**GIVEN RECORDS**
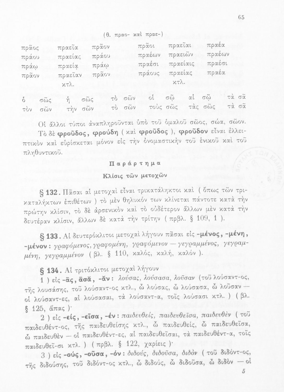 Σχολικό εγχειρίδιο Αρχαίων Ελληνικών Γ΄ Γυμνασίου που περιέχει τους κανόνες γραμματικής και είναι χωρισμένο σε φθογγολογικό, τυπολογικό και ετυμολογικό μέρος. Περιέχει και κατάλογο ανωμάλων ρημάτων.
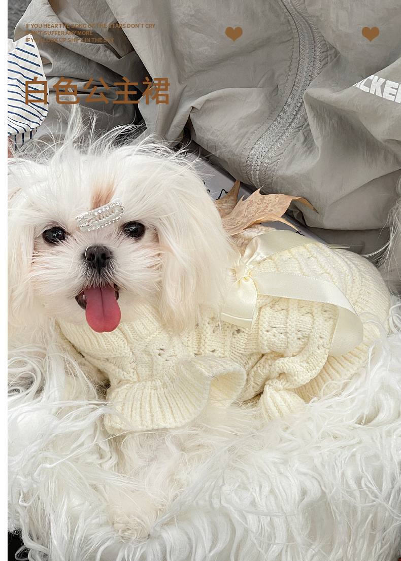 애완 동물 개 개 옷 가을과 겨울 작은 개 공주 몰타 원피스 고양이 따뜻한 머리 방지 테디 베어스토어 가기
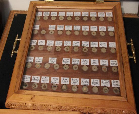 В ковчеге находятся частицы мощей святых: Иоанна Воина, Иоанна Тульского,Поликарпа Смирского и др.
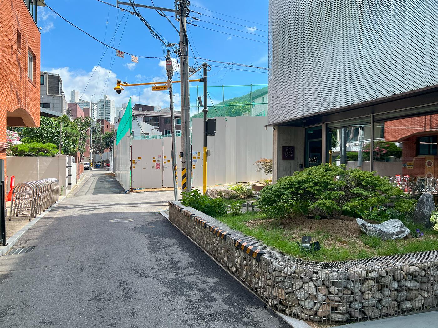 박서보 재단 '기지'는 조병수 건축가가 이끄는 BCHO 파트너스에서 건축했다. 박서보 작가 측에서 건축가에게 의뢰한 것으로 보인다. 한적한 주택가에 자연스럽게 스며든 겸손한 인상이다.
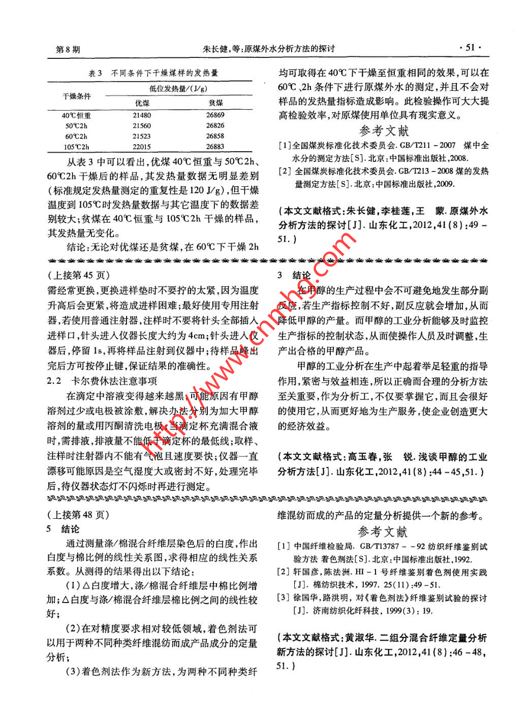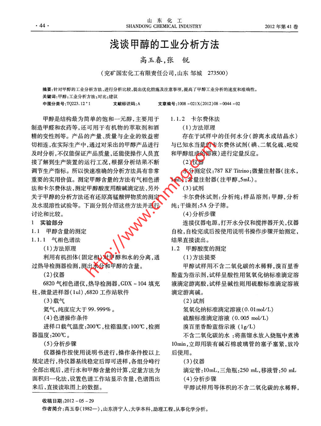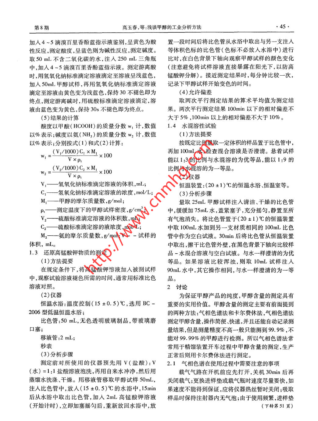 ●44●SHANDONG CHEMICAL INDUSTRY2012年第41卷淺談甲醇的工業(yè)分析方法高玉春,張銳(兗礦國宏化工有限責(zé)任公司,山東鄒城273500)摘要:針對甲醇的工業(yè)分析方法,進行分析比較,提出優(yōu)化揩施及注意事項,提高了甲醇工業(yè)分析的速度和準(zhǔn)確性。關(guān)鍵詞:甲醇;工業(yè)分析方法;對比;建議中圖分類號:TQ223.12+1文獻標(biāo)識碼:A文章編號:1008 -021X(2012)08 -0044 -02甲醇是結(jié)構(gòu)最為簡單的飽和一元醇, 主要用于1.1.2卡 爾費休法制造甲醛和農(nóng)藥等,還可用于有機物的萃取劑和酒(1)方法原理.精的變性劑等。產(chǎn)品的產(chǎn)量、質(zhì)量與企業(yè)的效益密存在于試樣中的任何水分(游離水或結(jié)晶水)切相連,在實際生產(chǎn)中,通過對采出的甲醇產(chǎn)品進行與已知水當(dāng)量的卡爾費休試劑(碘、二氧化硫、吡啶及時分析,不僅能保證產(chǎn)品質(zhì)量,還能使操作人員直和甲醇組成的溶液)進行定量反應(yīng)。接了解到生產(chǎn)裝置的運行工況,根據(jù)分析結(jié)果不斷(2)儀器調(diào)節(jié)生產(chǎn)指標(biāo)。所以快速準(zhǔn)確的分析方法具有非常水分測定儀:787 KF Titrino ;微量注射器(注水,重要的實用價值。測定甲醇含量的方法有氣相色譜1mL) ;常量注射器(注甲醇,5mL)。法和卡爾費休法,測定甲醇酸度用酸堿滴定法,另外(3)試劑關(guān)于甲醇的分析方法還有還原高錳酸鉀物質(zhì)的測定卡爾費休試劑:分析純;樣品溶劑:甲醇,分析及水混溶性試驗等。下面分別介紹這些方法并進行純;干燥劑:5A分子篩。討論和比較。(4)分析步驟1實驗部分連接儀器電源,打開水分儀和攪拌器開關(guān),儀器1.1 甲醇含量的測定自檢,自檢完成后按使用說明書操作步驟開始測定,1.1.1 氣相色譜法結(jié)果直接讀出。(1)方法原理1.2 甲醇酸度的測定利用有機擔(dān)體(固定相)對甲醇和水的分離,通(1)方法提要.過熱導(dǎo)檢測器檢測,測出水分和甲醇的含量。甲醇試樣用不含二氧化碳的水稀釋,溴百里香酚藍為指示劑,試樣呈酸性用氫氧化鈉標(biāo)準(zhǔn)滴定溶6820氣相色譜儀,熱導(dǎo)檢測器,GDX - 104填充液滴定游離酸,試樣呈堿性則用硫酸標(biāo)準(zhǔn)滴定溶液柱,微量進樣器( 1ul) ,6820工作站軟件滴定游離堿。(3)載氣(2)試劑氦氣,純度應(yīng)大于99. 999%。氫氧化鈉標(biāo)準(zhǔn)滴定溶液(0.01mol/L)(4)色譜操作條件硫酸標(biāo)準(zhǔn)滴定溶液(0. 005 molVL)進樣口載氣溫度:2009 ,柱箱溫度:100C ,檢測溴百里香酚藍指示液(1g/L)器溫度:200%。不含二氧化碳的水:將蒸餾水放入燒瓶中煮沸(5)分析步驟10min ,立即用裝有堿石棉玻璃管的塞子塞緊,放冷儀器操作按使用說明書進行,操作條件按以上后使用。規(guī)定進行,待儀器基線穩(wěn)定后即可進樣,各組分峰行(3)儀器全部出現(xiàn)后,進行水和甲醇含量的計算,定量方法為滴定管:10mL,三角瓶:250 mL,移液管:50 mL面積歸一化法,設(shè)置色譜工作站顯示含量,色譜圖出來后,直接讀取圖上的數(shù)據(jù)。甲醇試樣用等體積的不含二氧化碳的水稀釋,收稿日期:2012-05 -29作者簡介:高玉春( 1982- -) ,山東濟寧人,大學(xué)本科,助理工程,從事化學(xué)分析。第8期高玉春,等:淺談甲醇的工業(yè)分析方法加入4 ~5滴溴百里香酚藍指示液鑒別,呈黃色為酸置一段時間后將比色管從水浴中取出與另一支注人性反應(yīng),測定酸度,呈藍色則為堿性反應(yīng),測定堿度。等體積色標(biāo)的 比色管<色標(biāo)不必放人水浴中)進行取50 mL不含二氧化碳的水,注人250 mL三角瓶比對,在白色背景下軸向觀察甲醇試樣的顏色變化中,加入4 ~5滴溴百里香酚藍指示液。測定游離酸(注意避免將試樣溶液直接暴露在陽光下,以防高時,用氫氧化鈉標(biāo)準(zhǔn)滴定溶液滴定至溶液呈淺藍色,錳酸鉀分解)。 接近測定結(jié)果時,每分鐘比較一次,加人50mL甲醇試樣,再用氫氧化鈉標(biāo)準(zhǔn)滴定溶液記錄下甲醇試樣開始變色的時間。滴定至溶液由黃色變?yōu)闇\藍色,保持30不褪色即為(4)允許偏差終點,測定游離堿時,用硫酸標(biāo)準(zhǔn)滴定溶液滴定,溶取兩次平行測定結(jié)果的算術(shù)平均值為測定結(jié)液由藍色變?yōu)辄S色,保持30s不褪色即為終點。果。兩次平行測定結(jié)果100min 以下的相對偏差不(5)結(jié)果的計算大于5% ,100min以上的相對偏差不大于10%。酸度以甲酸( HCOOH)的質(zhì)量分數(shù)w,計,數(shù)值1.4水混溶性試驗以%表示;堿度以氨(NH3)的質(zhì)量分數(shù)w2計,數(shù)值(1)方法提要.以%表示;分別按式( 1)和式(2)計算:按既定比例量取一定體積的樣品置于比色管中,(V,/1000)C, xM;再加100mL水,檢查混合溶液是否澄清。懸著試樣w,=tx 100Vxρ能以1:3的比例與水混溶的為優(yōu)等品,能以1:9的: (V/1000)C2 xM x 100比例與水混溶的為- - 等品。V xp:(2)儀器-氫氧化鈉標(biāo)準(zhǔn)滴定溶液的體積,mL;恒溫裝置:(20 +1)C的恒溫水浴、恒溫室等。-氫氧化鈉標(biāo)準(zhǔn)滴定溶液的濃度,mol/L;(3)分析步驟M,一一甲醇的摩爾質(zhì)量數(shù),g/ 'mol;量取25mL甲醇試樣注人清潔、干燥的比色管ρ.一測定 溫度下的甲醇試樣密度,g/cm' ;中,緩緩加75mL水,蓋緊塞子,充分播勻,靜置至所V2-- -硫酸標(biāo)準(zhǔn)滴定溶 液的體積數(shù), mL;有氣泡消失。將比色管置于(20士1)C的恒溫裝置C2一硫酸標(biāo)準(zhǔn)滴定溶 的液濃度,mol/L; ,中取100mL水加到另- -支材質(zhì)相同的100mL比色M2--氨的摩

**GOAL OF THE EXERCISE**
Since the pictures are not wanted, transcribe only the rest of the material above, exactly as it stands.

**EXERCISE RESULT**
 Σχολικό εγχειρίδιο Αρχαίων Ελληνικών Γ΄ Γυμνασίου που περιέχει τους κανόνες γραμματικής και είναι χωρισμένο σε φθογγολογικό, τυπολογικό και ετυμολογικό μέρος. Περιέχει και κατάλογο ανωμάλων ρημάτων.
 애완 동물 개 개 옷 가을과 겨울 작은 개 공주 몰타 원피스 고양이 따뜻한 머리 방지 테디 베어스토어 가기
 В ковчеге находятся частицы мощей святых: Иоанна Воина, Иоанна Тульского,Поликарпа Смирского и др.
 박서보 재단 '기지'는 조병수 건축가가 이끄는 BCHO 파트너스에서 건축했다. 박서보 작가 측에서 건축가에게 의뢰한 것으로 보인다. 한적한 주택가에 자연스럽게 스며든 겸손한 인상이다.
 ●44●SHANDONG CHEMICAL INDUSTRY2012年第41卷淺談甲醇的工業(yè)分析方法高玉春,張銳(兗礦國宏化工有限責(zé)任公司,山東鄒城273500)摘要:針對甲醇的工業(yè)分析方法,進行分析比較,提出優(yōu)化揩施及注意事項,提高了甲醇工業(yè)分析的速度和準(zhǔn)確性。關(guān)鍵詞:甲醇;工業(yè)分析方法;對比;建議中圖分類號:TQ223.12+1文獻標(biāo)識碼:A文章編號:1008 -021X(2012)08 -0044 -02甲醇是結(jié)構(gòu)最為簡單的飽和一元醇, 主要用于1.1.2卡 爾費休法制造甲醛和農(nóng)藥等,還可用于有機物的萃取劑和酒(1)方法原理.精的變性劑等。產(chǎn)品的產(chǎn)量、質(zhì)量與企業(yè)的效益密存在于試樣中的任何水分(游離水或結(jié)晶水)切相連,在實際生產(chǎn)中,通過對采出的甲醇產(chǎn)品進行與已知水當(dāng)量的卡爾費休試劑(碘、二氧化硫、吡啶及時分析,不僅能保證產(chǎn)品質(zhì)量,還能使操作人員直和甲醇組成的溶液)進行定量反應(yīng)。接了解到生產(chǎn)裝置的運行工況,根據(jù)分析結(jié)果不斷(2)儀器調(diào)節(jié)生產(chǎn)指標(biāo)。所以快速準(zhǔn)確的分析方法具有非常水分測定儀:787 KF Titrino ;微量注射器(注水,重要的實用價值。測定甲醇含量的方法有氣相色譜1mL) ;常量注射器(注甲醇,5mL)。法和卡爾費休法,測定甲醇酸度用酸堿滴定法,另外(3)試劑關(guān)于甲醇的分析方法還有還原高錳酸鉀物質(zhì)的測定卡爾費休試劑:分析純;樣品溶劑:甲醇,分析及水混溶性試驗等。下面分別介紹這些方法并進行純;干燥劑:5A分子篩。討論和比較。(4)分析步驟1實驗部分連接儀器電源,打開水分儀和攪拌器開關(guān),儀器1.1 甲醇含量的測定自檢,自檢完成后按使用說明書操作步驟開始測定,1.1.1 氣相色譜法結(jié)果直接讀出。(1)方法原理1.2 甲醇酸度的測定利用有機擔(dān)體(固定相)對甲醇和水的分離,通(1)方法提要.過熱導(dǎo)檢測器檢測,測出水分和甲醇的含量。甲醇試樣用不含二氧化碳的水稀釋,溴百里香酚藍為指示劑,試樣呈酸性用氫氧化鈉標(biāo)準(zhǔn)滴定溶6820氣相色譜儀,熱導(dǎo)檢測器,GDX - 104填充液滴定游離酸,試樣呈堿性則用硫酸標(biāo)準(zhǔn)滴定溶液柱,微量進樣器( 1ul) ,6820工作站軟件滴定游離堿。(3)載氣(2)試劑氦氣,純度應(yīng)大于99. 999%。氫氧化鈉標(biāo)準(zhǔn)滴定溶液(0.01mol/L)(4)色譜操作條件硫酸標(biāo)準(zhǔn)滴定溶液(0. 005 molVL)進樣口載氣溫度:2009 ,柱箱溫度:100C ,檢測溴百里香酚藍指示液(1g/L)器溫度:200%。不含二氧化碳的水:將蒸餾水放入燒瓶中煮沸(5)分析步驟10min ,立即用裝有堿石棉玻璃管的塞子塞緊,放冷儀器操作按使用說明書進行,操作條件按以上后使用。規(guī)定進行,待儀器基線穩(wěn)定后即可進樣,各組分峰行(3)儀器全部出現(xiàn)后,進行水和甲醇含量的計算,定量方法為滴定管:10mL,三角瓶:250 mL,移液管:50 mL面積歸一化法,設(shè)置色譜工作站顯示含量,色譜圖出來后,直接讀取圖上的數(shù)據(jù)。甲醇試樣用等體積的不含二氧化碳的水稀釋,收稿日期:2012-05 -29作者簡介:高玉春( 1982- -) ,山東濟寧人,大學(xué)本科,助理工程,從事化學(xué)分析。第8期高玉春,等:淺談甲醇的工業(yè)分析方法加入4 ~5滴溴百里香酚藍指示液鑒別,呈黃色為酸置一段時間后將比色管從水浴中取出與另一支注人性反應(yīng),測定酸度,呈藍色則為堿性反應(yīng),測定堿度。等體積色標(biāo)的 比色管<色標(biāo)不必放人水浴中)進行取50 mL不含二氧化碳的水,注人250 mL三角瓶比對,在白色背景下軸向觀察甲醇試樣的顏色變化中,加入4 ~5滴溴百里香酚藍指示液。測定游離酸(注意避免將試樣溶液直接暴露在陽光下,以防高時,用氫氧化鈉標(biāo)準(zhǔn)滴定溶液滴定至溶液呈淺藍色,錳酸鉀分解)。 接近測定結(jié)果時,每分鐘比較一次,加人50mL甲醇試樣,再用氫氧化鈉標(biāo)準(zhǔn)滴定溶液記錄下甲醇試樣開始變色的時間。滴定至溶液由黃色變?yōu)闇\藍色,保持30不褪色即為(4)允許偏差終點,測定游離堿時,用硫酸標(biāo)準(zhǔn)滴定溶液滴定,溶取兩次平行測定結(jié)果的算術(shù)平均值為測定結(jié)液由藍色變?yōu)辄S色,保持30s不褪色即為終點。果。兩次平行測定結(jié)果100min 以下的相對偏差不(5)結(jié)果的計算大于5% ,100min以上的相對偏差不大于10%。酸度以甲酸( HCOOH)的質(zhì)量分數(shù)w,計,數(shù)值1.4水混溶性試驗以%表示;堿度以氨(NH3)的質(zhì)量分數(shù)w2計,數(shù)值(1)方法提要.以%表示;分別按式( 1)和式(2)計算:按既定比例量取一定體積的樣品置于比色管中,(V,/1000)C, xM;再加100mL水,檢查混合溶液是否澄清。懸著試樣w,=tx 100Vxρ能以1:3的比例與水混溶的為優(yōu)等品,能以1:9的: (V/1000)C2 xM x 100比例與水混溶的為- - 等品。V xp:(2)儀器-氫氧化鈉標(biāo)準(zhǔn)滴定溶液的體積,mL;恒溫裝置:(20 +1)C的恒溫水浴、恒溫室等。-氫氧化鈉標(biāo)準(zhǔn)滴定溶液的濃度,mol/L;(3)分析步驟M,一一甲醇的摩爾質(zhì)量數(shù),g/ 'mol;量取25mL甲醇試樣注人清潔、干燥的比色管ρ.一測定 溫度下的甲醇試樣密度,g/cm' ;中,緩緩加75mL水,蓋緊塞子,充分播勻,靜置至所V2-- -硫酸標(biāo)準(zhǔn)滴定溶 液的體積數(shù), mL;有氣泡消失。將比色管置于(20士1)C的恒溫裝置C2一硫酸標(biāo)準(zhǔn)滴定溶 的液濃度,mol/L; ,中取100mL水加到另- -支材質(zhì)相同的100mL比色M2--氨的摩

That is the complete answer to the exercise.